Rather than just investigator preference, a more convincing and empirically grounded foundation might be the recognition that humans can be both unprecedented cooperators and highly selfish (Blanton and Fargher 2016; Feinman 2013). As a consequence, human cooperation tends to be situational and contingent. The key question then becomes what factors promote different degrees and forms of cooperation, and a key point of contention concerns scale. The authors (278–97) basically dismiss a raft of interdisciplinary research and empirical findings that repeatedly illustrate that human organization and leadership generally shift and differentiate as the density of interpersonal interaction increases (e.g., Fletcher 1995; Hill and Dunbar 2003; Holland-Lulewicz et al. 2022). Although Graeber and Wengrow are on more solid footing when they argue that domestic human groupings also may be fragile and that small human aggregations may not be restricted to close kin, these arguments do not refute the repeated observation that when human groupings in sustained close contact exceed certain demographic thresholds, organizational adjustments take place (Feinman 2013, 2021). Modes of leadership, political offices, and institutional arrangements can be created in widely different forms and involve lesser or higher degrees of economic stratification (even at comparable sizes), but past or present, some kind of supra-household institution emerges if these aggregations are sustained, even for the Bronze Age historical context that the authors draw on to make their case (e.g. Hofmann et al. 2019).

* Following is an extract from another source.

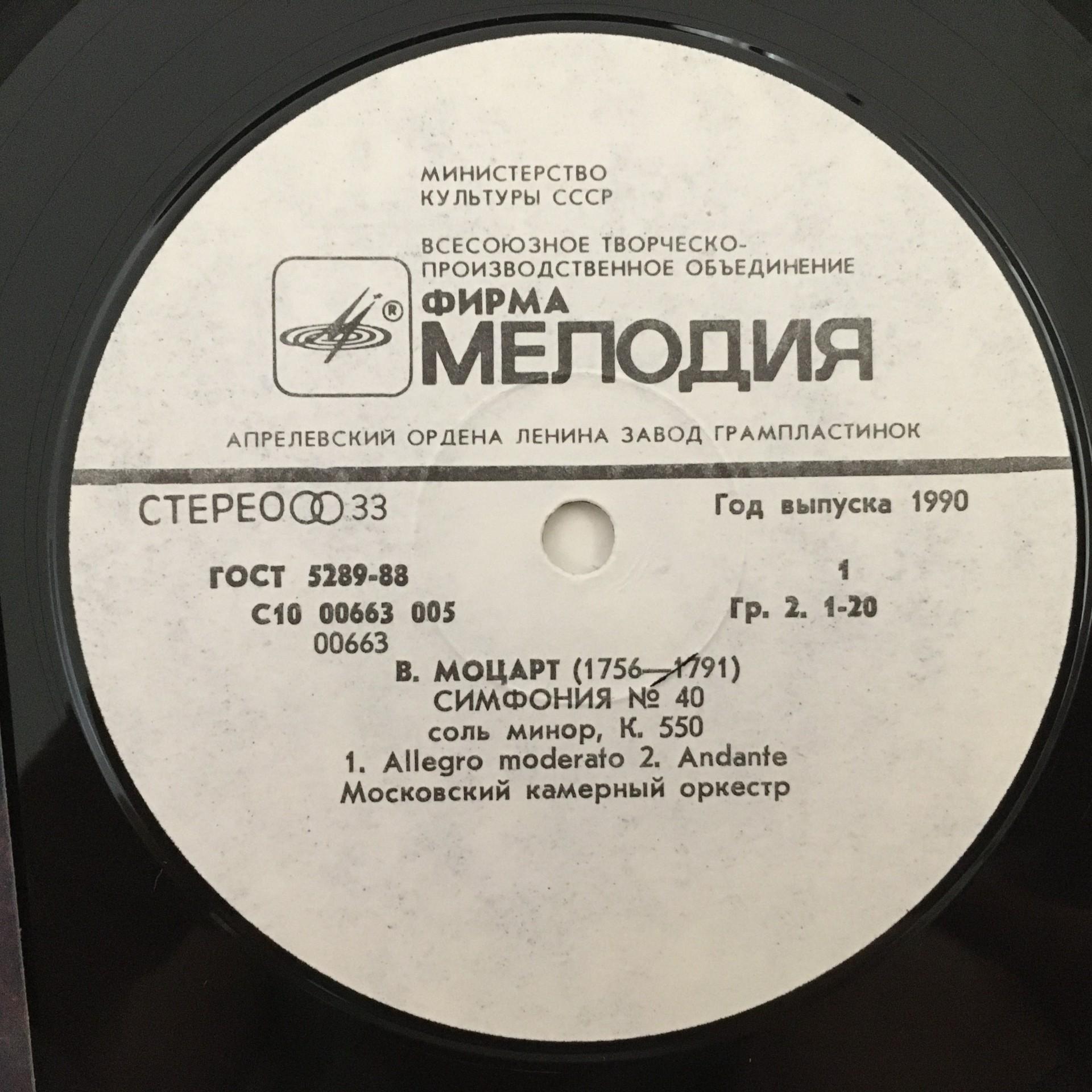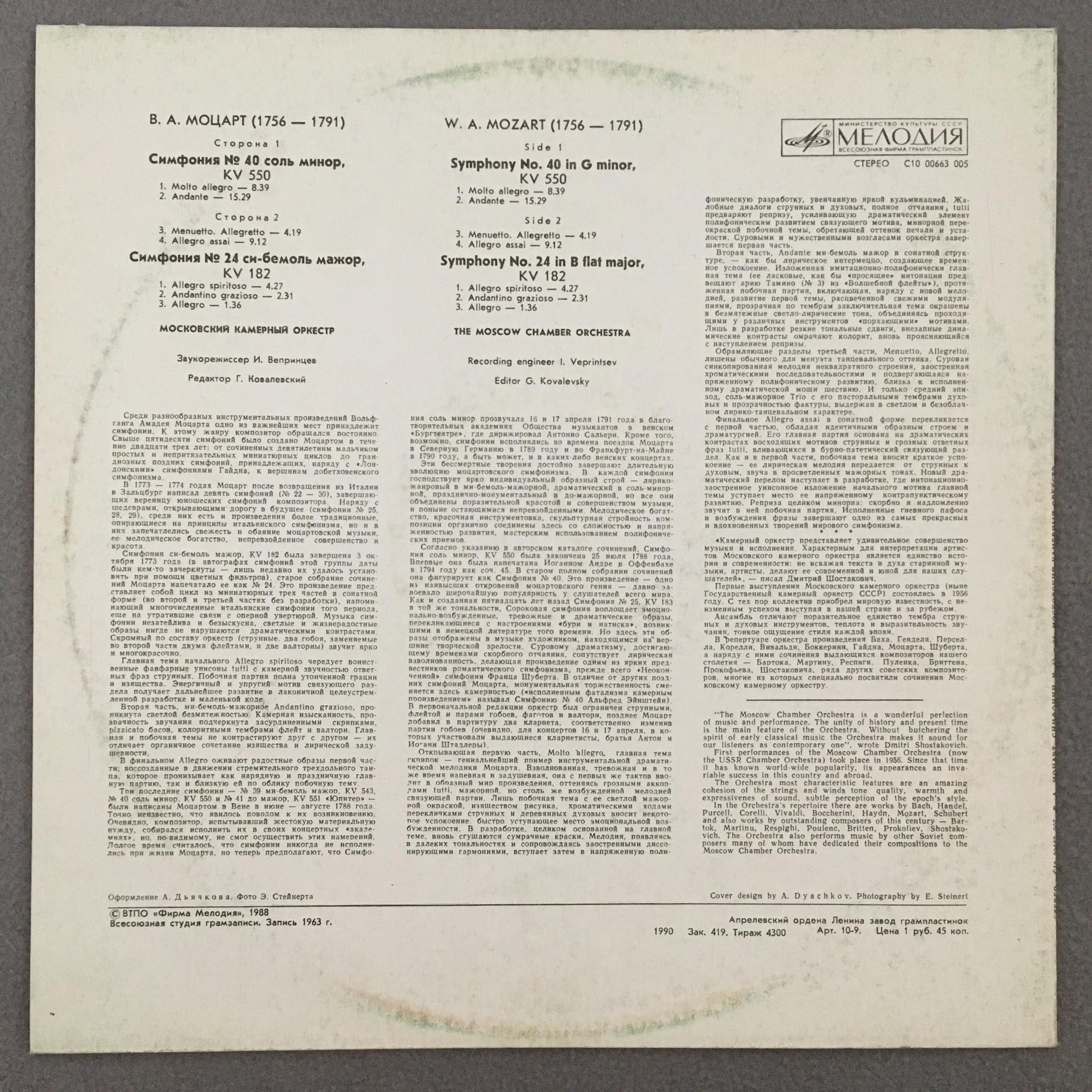 Q563 Mozart Symphonies No.40 & 24 Moscow Chamber O. Melodiya C10 00663 005 St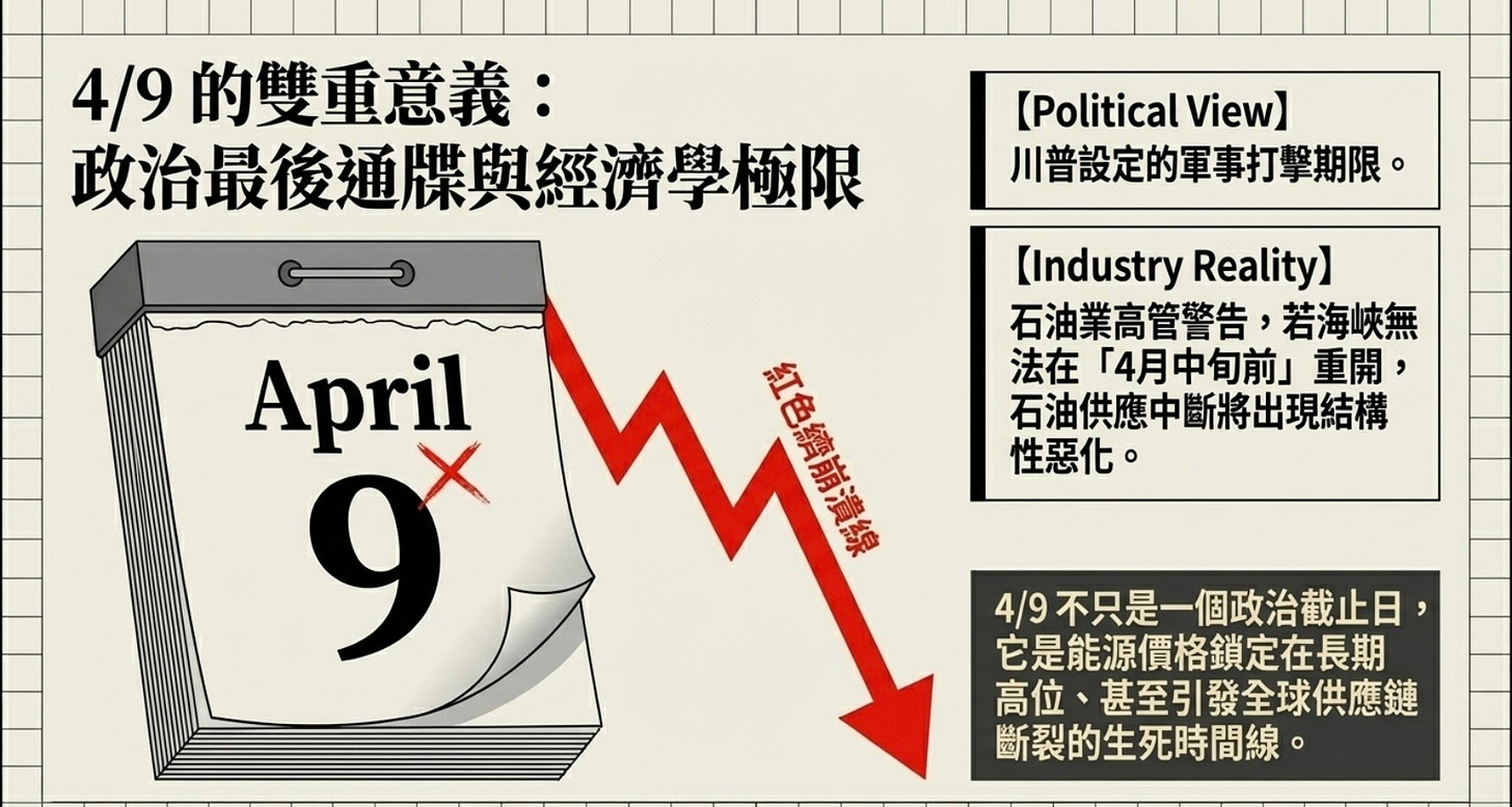 這就是為何「4/9期限」不只是一個政治截止日——它也是一個經濟學上的生死時間線。 其實川普延長10天的期限是落在4月6日,但根據沒法查證的消息報導,川普私下透露了4月9日是最終退場日。我查了一下,選這個日子果然很川普風格,因為2003 年 4 月 9 日就是美軍進入巴格達並推倒薩達姆雕像的歷史時刻!

Perhaps this line of argument seems esoteric and a matter for specialists, but sharing the book’s passion for seeing lessons in the past for the present and future, I think not. Given their anarchistic mistrust of human institutions and bureaucracies (Appadurai 2022), Graeber and Wengrow aim to dismiss any necessary links between scale and the loss of personal freedom. Freed of constraints on human cognitive capacities and the demands of scale, the authors tout governance through self-organized, domestic autonomy that is not so far off from a kind of libertarian ethos (513). But at great scale, an overabundance of individual freedom and independence may be antithetical to economic equity (Blanton et al. 2021). Might it be more cautiously realistic to recognize that in today’s world, cooperative governance and institutions are essential, these political associations take many forms, and to keep them equitable requires the persistent investments and participation of the citizenry?"